### ASSIGNED TASK
Transcribe all of the data exactly. Images stay out.

### INPUT DATA
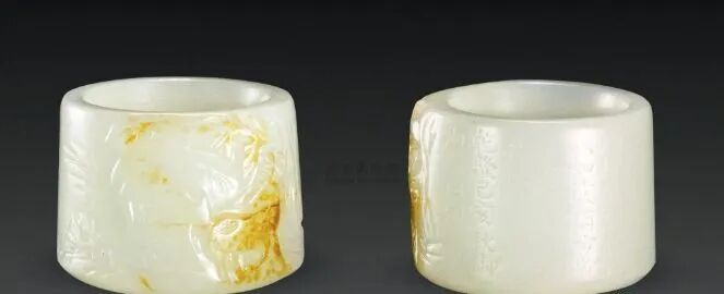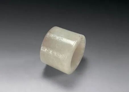 玉扳指最早之前是骑射时,用来保护手指的一种用具,后来慢慢演变成权利、地位的象征。在古代,一般都是皇亲国戚,豪门贵族才能佩戴的,佩戴玉扳指也可说是玉的帝王政治学的表象。在清朝的众多皇帝当中,许多都喜爱玉扳指,尤其是乾隆皇帝,更是与扳指有着很深的渊源,据统计乾隆皇帝为玉扳指写的诗就多达50首。从乾隆的《御制诗文集》中就可以看出乾隆皇帝甚是喜爱玉扳指。据说乾隆十七年清明前后,他有幸得到了一个玉扳指,做工精巧,于是就写下了《玉》这首诗。这也是乾隆皇帝写的第一首咏扳指的诗,后来被收录在《御制诗二集》卷三十二中。自此以后,扳指就进入到了乾隆皇帝的视野中。专家通过研究,认为乾隆皇帝对玉扳指的喜爱,是出于维护和保持满族传统文化和民族特色的需要,同时也是深受中国传统文化观念“君子比德于玉”的影响。部分珍贵的玉扳指,还会有配套的紫檀盒或是丝织布套等,用来包装好,对它进行一个保护。多方面原因综合,可以看出,乾隆皇帝对玉扳指可谓是非常的钟爱。乾隆时期各地官员为了讨好皇帝纷纷进贡玉扳指。据史书记载,乾隆四十一年春,九江关监督全德敬献了20个丝珐琅扳指,乾隆五十七年徵瑞进四个白玉扳指以及四个青玉扳指,乾隆五十九年福建巡抚浦霖分别进贡了九件碧玉扳指和白玉扳指套等等。进贡的扳指主要是被皇帝用来作为赏赐的物件的,所以没有什么特别的要求。但是乾隆自己御用的扳指,则不一样。首先,乾隆皇帝御用的扳指有固定的款式。这种固定款式主要包括膛口的大小、壁的厚薄、具体的形状等等,都是为乾隆皇帝量身定做的。其次,乾隆皇帝对御用扳指的制作过程都是十分的关注的,每一个制作步骤,常常都要亲自过问,提出自己具体的建议与要求,然后让制作工匠参照实施。正是因为这样,乾隆皇帝御用的玉扳指基本上都是由宫中的如意馆的玉工承做的,这样就更方便乾隆皇帝在极其细微的地方都能够参与指导。
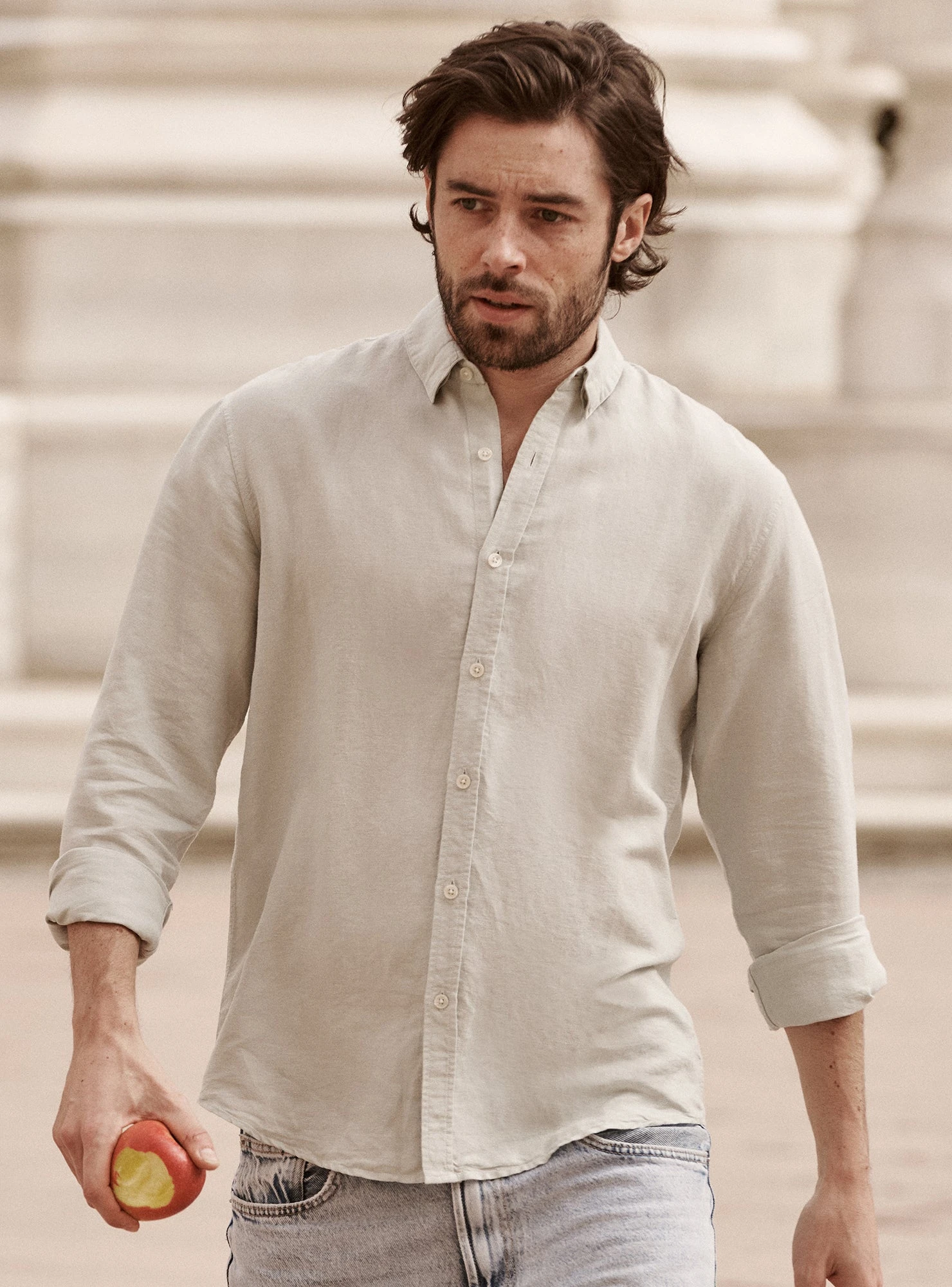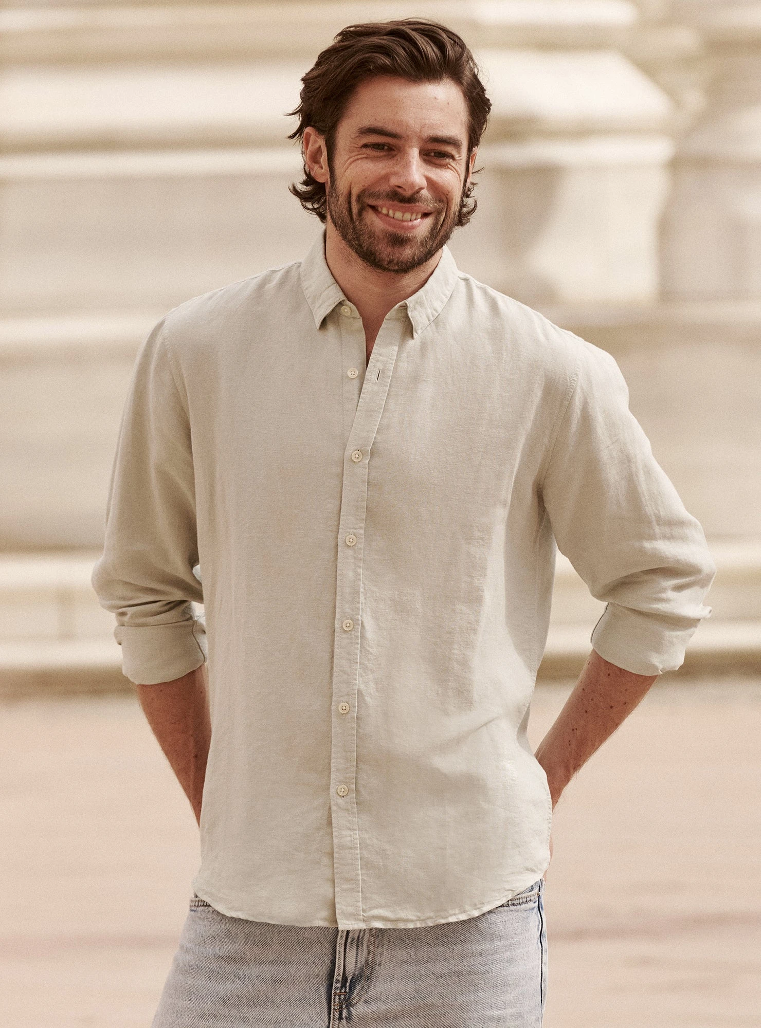 Must-have de la mi-saison, la chemise Mercer est confectionnée dans un mélange lin et coton et se distingue par sa légèreté. Sa coupe semi-ajustée fait d’elle une pièce à la fois contemporaine et intemporelle qu’on ne veut plus quitter.
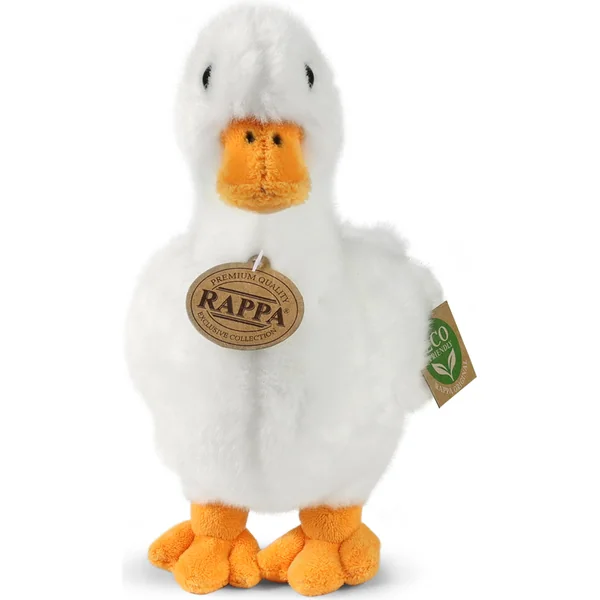 Le canard en peluche mesure 24 cm et grâce aux matériaux de la plus haute qualité, il fait partie de la Collection Exclusive de jouets en peluche de la marque Rappa. Grâce à la fabrication manuelle de chaque pièce, il a en plus l’apparence d’un vrai.
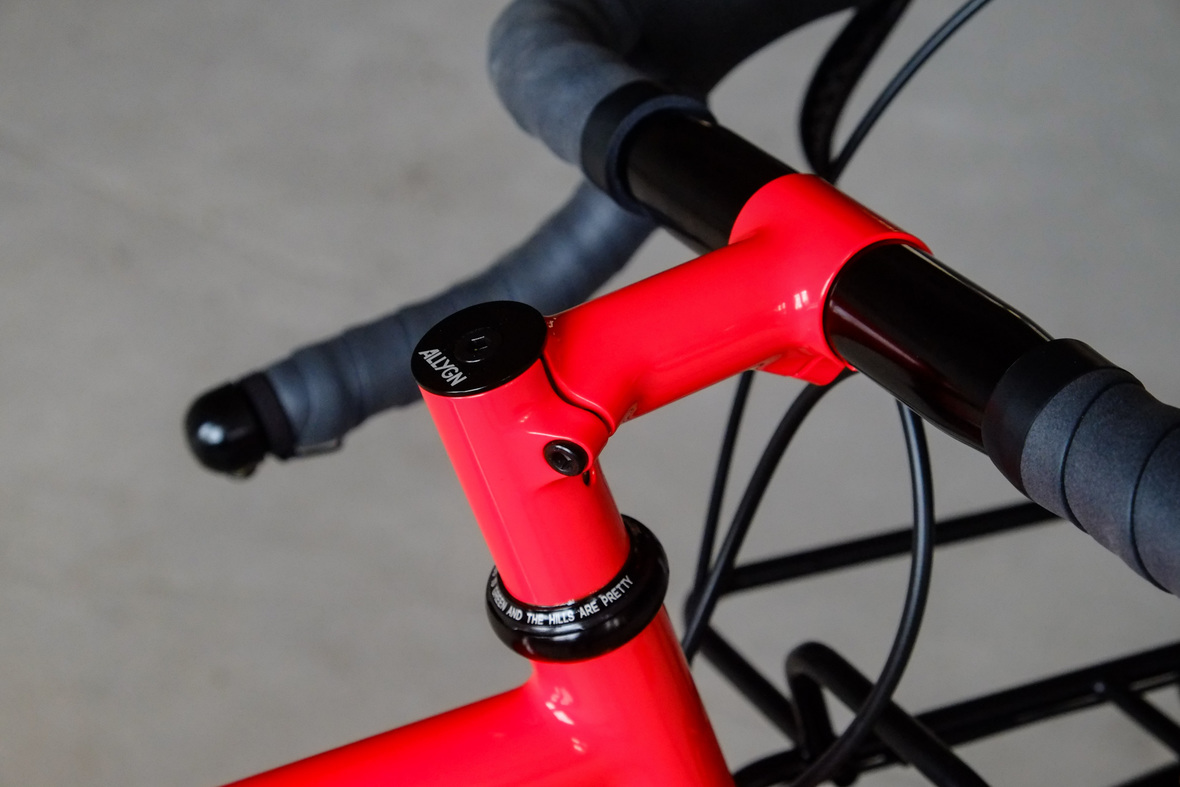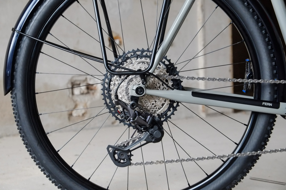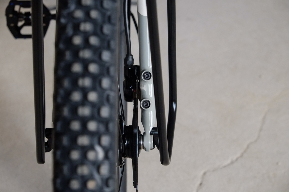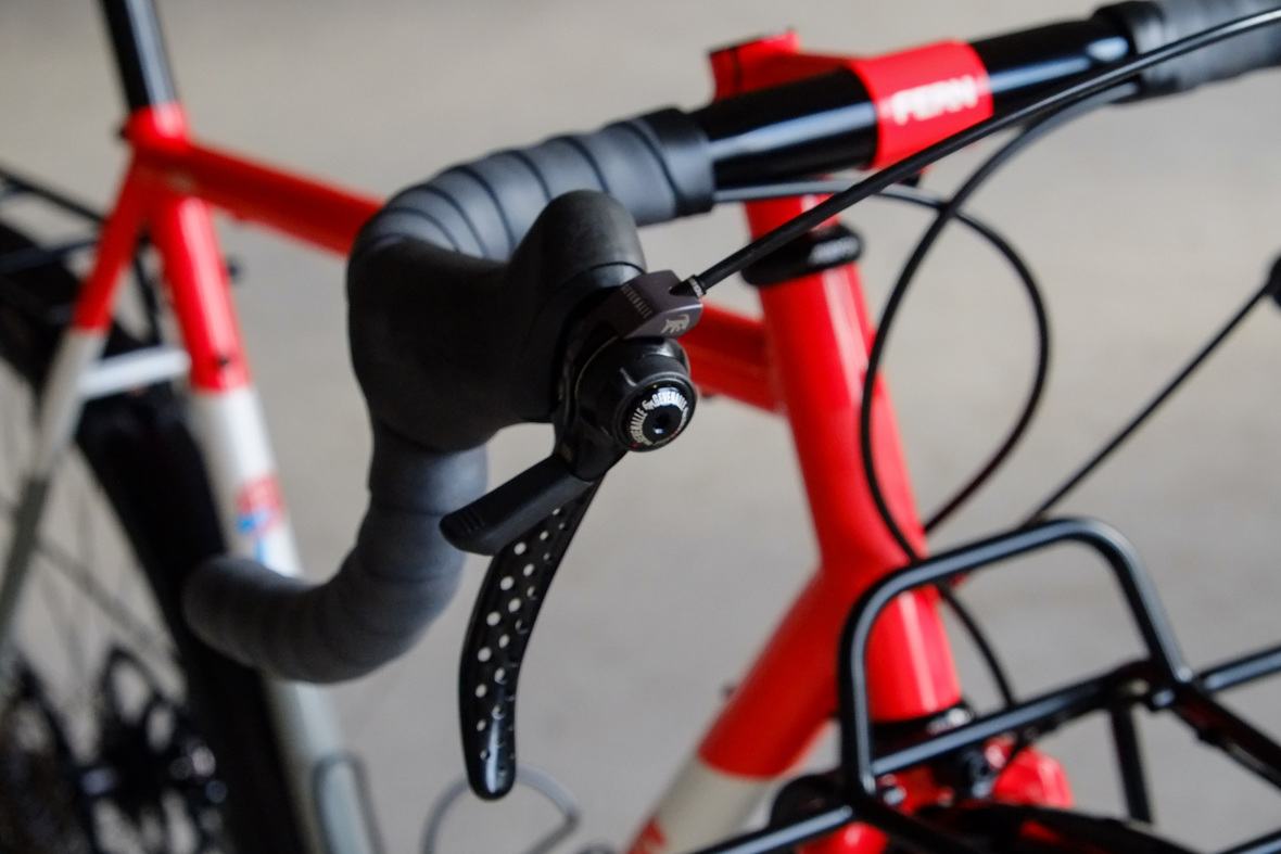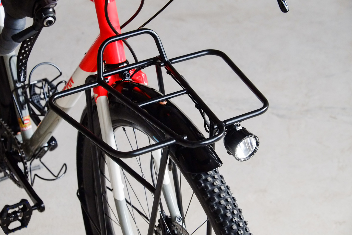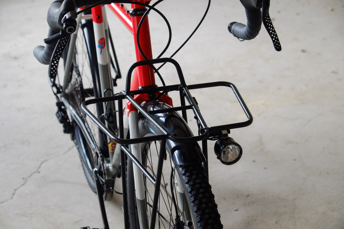 The bike rolls in winter times on the new 48mm Rene Herse Juniper Ridge Extralight knobby tires and will be switched in spring time to Switchback Extralight's. Custom black anodized Honjo Fenders for perfect all year round weather protection. 12sp Shimano XT drivetrain paired with the amazing Gevenalle - TRP Hylex shifter - brake combo for extra smooth action, great stopping power and reliability. Lights and energy supply by SON, ultimate charging power with the brand new Forumslader Pro Version.

### SOLVED PROBLEM
 玉扳指最早之前是骑射时,用来保护手指的一种用具,后来慢慢演变成权利、地位的象征。在古代,一般都是皇亲国戚,豪门贵族才能佩戴的,佩戴玉扳指也可说是玉的帝王政治学的表象。在清朝的众多皇帝当中,许多都喜爱玉扳指,尤其是乾隆皇帝,更是与扳指有着很深的渊源,据统计乾隆皇帝为玉扳指写的诗就多达50首。从乾隆的《御制诗文集》中就可以看出乾隆皇帝甚是喜爱玉扳指。据说乾隆十七年清明前后,他有幸得到了一个玉扳指,做工精巧,于是就写下了《玉》这首诗。这也是乾隆皇帝写的第一首咏扳指的诗,后来被收录在《御制诗二集》卷三十二中。自此以后,扳指就进入到了乾隆皇帝的视野中。专家通过研究,认为乾隆皇帝对玉扳指的喜爱,是出于维护和保持满族传统文化和民族特色的需要,同时也是深受中国传统文化观念“君子比德于玉”的影响。部分珍贵的玉扳指,还会有配套的紫檀盒或是丝织布套等,用来包装好,对它进行一个保护。多方面原因综合,可以看出,乾隆皇帝对玉扳指可谓是非常的钟爱。乾隆时期各地官员为了讨好皇帝纷纷进贡玉扳指。据史书记载,乾隆四十一年春,九江关监督全德敬献了20个丝珐琅扳指,乾隆五十七年徵瑞进四个白玉扳指以及四个青玉扳指,乾隆五十九年福建巡抚浦霖分别进贡了九件碧玉扳指和白玉扳指套等等。进贡的扳指主要是被皇帝用来作为赏赐的物件的,所以没有什么特别的要求。但是乾隆自己御用的扳指,则不一样。首先,乾隆皇帝御用的扳指有固定的款式。这种固定款式主要包括膛口的大小、壁的厚薄、具体的形状等等,都是为乾隆皇帝量身定做的。其次,乾隆皇帝对御用扳指的制作过程都是十分的关注的,每一个制作步骤,常常都要亲自过问,提出自己具体的建议与要求,然后让制作工匠参照实施。正是因为这样,乾隆皇帝御用的玉扳指基本上都是由宫中的如意馆的玉工承做的,这样就更方便乾隆皇帝在极其细微的地方都能够参与指导。
 Must-have de la mi-saison, la chemise Mercer est confectionnée dans un mélange lin et coton et se distingue par sa légèreté. Sa coupe semi-ajustée fait d’elle une pièce à la fois contemporaine et intemporelle qu’on ne veut plus quitter.
 Le canard en peluche mesure 24 cm et grâce aux matériaux de la plus haute qualité, il fait partie de la Collection Exclusive de jouets en peluche de la marque Rappa. Grâce à la fabrication manuelle de chaque pièce, il a en plus l’apparence d’un vrai.
 The bike rolls in winter times on the new 48mm Rene Herse Juniper Ridge Extralight knobby tires and will be switched in spring time to Switchback Extralight's. Custom black anodized Honjo Fenders for perfect all year round weather protection. 12sp Shimano XT drivetrain paired with the amazing Gevenalle - TRP Hylex shifter - brake combo for extra smooth action, great stopping power and reliability. Lights and energy supply by SON, ultimate charging power with the brand new Forumslader Pro Version.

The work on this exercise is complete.